Start of Entries supplied

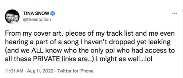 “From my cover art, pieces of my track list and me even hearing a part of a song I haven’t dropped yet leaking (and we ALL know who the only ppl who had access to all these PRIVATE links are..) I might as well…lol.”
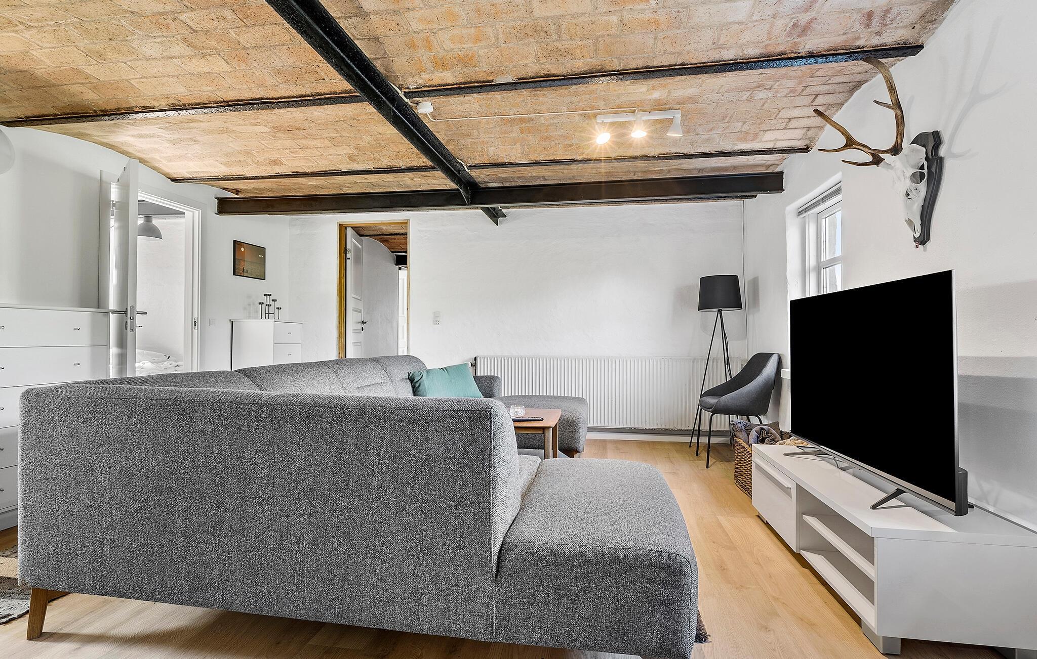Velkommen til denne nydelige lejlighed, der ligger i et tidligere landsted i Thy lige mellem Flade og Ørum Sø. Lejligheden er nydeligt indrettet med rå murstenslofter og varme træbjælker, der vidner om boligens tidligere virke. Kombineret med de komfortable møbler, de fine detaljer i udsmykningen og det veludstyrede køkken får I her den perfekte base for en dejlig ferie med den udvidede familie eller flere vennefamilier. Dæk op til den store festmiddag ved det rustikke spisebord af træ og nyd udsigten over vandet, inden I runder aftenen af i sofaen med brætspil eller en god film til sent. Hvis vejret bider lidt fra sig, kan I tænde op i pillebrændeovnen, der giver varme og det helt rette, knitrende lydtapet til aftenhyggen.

End of Entries supplied
Start of Entries supplied

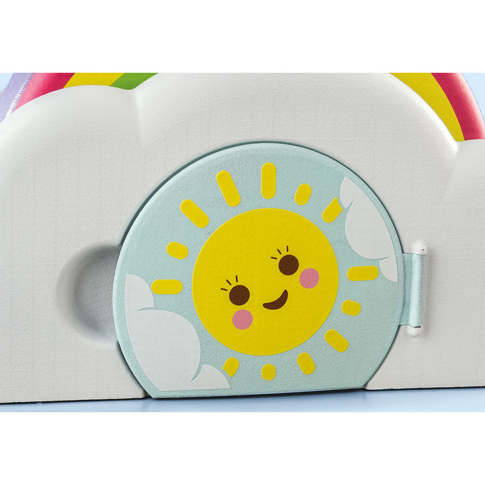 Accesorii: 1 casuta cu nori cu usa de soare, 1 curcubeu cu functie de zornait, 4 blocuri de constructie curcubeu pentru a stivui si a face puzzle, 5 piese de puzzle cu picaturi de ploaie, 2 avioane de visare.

End of Entries supplied
Start of Entries supplied

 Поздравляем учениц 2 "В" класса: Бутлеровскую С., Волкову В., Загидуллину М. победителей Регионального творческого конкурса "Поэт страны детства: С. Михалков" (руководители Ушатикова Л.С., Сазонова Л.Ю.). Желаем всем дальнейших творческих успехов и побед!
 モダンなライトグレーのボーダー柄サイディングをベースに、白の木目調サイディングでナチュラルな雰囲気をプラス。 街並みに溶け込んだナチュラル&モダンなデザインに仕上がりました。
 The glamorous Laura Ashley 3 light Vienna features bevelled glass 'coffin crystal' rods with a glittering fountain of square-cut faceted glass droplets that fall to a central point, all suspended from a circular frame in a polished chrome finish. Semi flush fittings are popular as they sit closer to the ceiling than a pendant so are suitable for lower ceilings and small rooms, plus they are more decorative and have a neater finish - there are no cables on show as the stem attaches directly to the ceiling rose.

End of Entries supplied

> [Your goal]
Produce only the lines from the line containing "モダンなライトグレーのボーダ" through the line containing "The glamorous Laura", inclusive of both, exactly as they stand in the entries above.

> [Answer section]
 モダンなライトグレーのボーダー柄サイディングをベースに、白の木目調サイディングでナチュラルな雰囲気をプラス。 街並みに溶け込んだナチュラル&モダンなデザインに仕上がりました。
 The glamorous Laura Ashley 3 light Vienna features bevelled glass 'coffin crystal' rods with a glittering fountain of square-cut faceted glass droplets that fall to a central point, all suspended from a circular frame in a polished chrome finish. Semi flush fittings are popular as they sit closer to the ceiling than a pendant so are suitable for lower ceilings and small rooms, plus they are more decorative and have a neater finish - there are no cables on show as the stem attaches directly to the ceiling rose.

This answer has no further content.